[PROVIDED INFORMATION]:
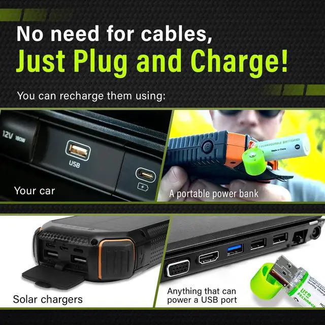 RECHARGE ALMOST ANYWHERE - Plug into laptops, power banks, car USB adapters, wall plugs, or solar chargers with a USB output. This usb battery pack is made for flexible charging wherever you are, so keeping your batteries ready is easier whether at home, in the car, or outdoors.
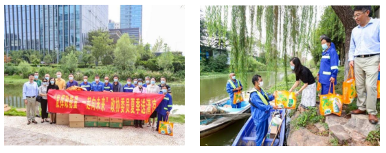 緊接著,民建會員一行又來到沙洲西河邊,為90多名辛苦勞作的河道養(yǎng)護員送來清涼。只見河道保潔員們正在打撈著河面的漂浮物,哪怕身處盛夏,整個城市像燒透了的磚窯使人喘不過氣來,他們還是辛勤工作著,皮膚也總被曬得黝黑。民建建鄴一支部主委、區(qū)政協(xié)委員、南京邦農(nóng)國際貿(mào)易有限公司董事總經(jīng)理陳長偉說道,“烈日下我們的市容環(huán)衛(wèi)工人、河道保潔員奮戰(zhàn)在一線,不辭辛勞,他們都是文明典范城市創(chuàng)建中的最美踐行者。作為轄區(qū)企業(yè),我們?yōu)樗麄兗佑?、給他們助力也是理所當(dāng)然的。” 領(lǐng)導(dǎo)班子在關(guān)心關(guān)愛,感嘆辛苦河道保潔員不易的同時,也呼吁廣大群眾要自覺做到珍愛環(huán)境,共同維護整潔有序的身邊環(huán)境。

---

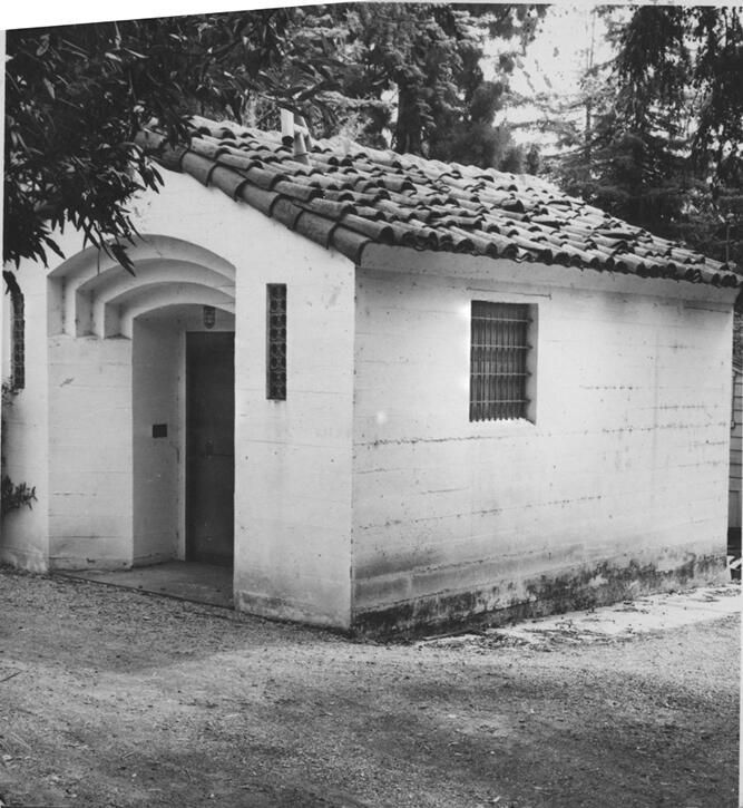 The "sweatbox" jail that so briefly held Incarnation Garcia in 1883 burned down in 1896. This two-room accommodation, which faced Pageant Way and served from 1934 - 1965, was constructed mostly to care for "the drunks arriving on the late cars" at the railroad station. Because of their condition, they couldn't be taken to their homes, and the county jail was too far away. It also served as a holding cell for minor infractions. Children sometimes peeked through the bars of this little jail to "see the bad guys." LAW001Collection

[WORK INSTRUCTIONS]: Write down exactly what the lines above say, from the line holding "RECHARGE ALMOST ANYWHERE" through the line holding "緊接著,民建會員一行又來到沙", and nothing more. Do not copy the pictures.

[EXERCISE ANSWER]:
 RECHARGE ALMOST ANYWHERE - Plug into laptops, power banks, car USB adapters, wall plugs, or solar chargers with a USB output. This usb battery pack is made for flexible charging wherever you are, so keeping your batteries ready is easier whether at home, in the car, or outdoors.
 緊接著,民建會員一行又來到沙洲西河邊,為90多名辛苦勞作的河道養(yǎng)護員送來清涼。只見河道保潔員們正在打撈著河面的漂浮物,哪怕身處盛夏,整個城市像燒透了的磚窯使人喘不過氣來,他們還是辛勤工作著,皮膚也總被曬得黝黑。民建建鄴一支部主委、區(qū)政協(xié)委員、南京邦農(nóng)國際貿(mào)易有限公司董事總經(jīng)理陳長偉說道,“烈日下我們的市容環(huán)衛(wèi)工人、河道保潔員奮戰(zhàn)在一線,不辭辛勞,他們都是文明典范城市創(chuàng)建中的最美踐行者。作為轄區(qū)企業(yè),我們?yōu)樗麄兗佑?、給他們助力也是理所當(dāng)然的。” 領(lǐng)導(dǎo)班子在關(guān)心關(guān)愛,感嘆辛苦河道保潔員不易的同時,也呼吁廣大群眾要自覺做到珍愛環(huán)境,共同維護整潔有序的身邊環(huán)境。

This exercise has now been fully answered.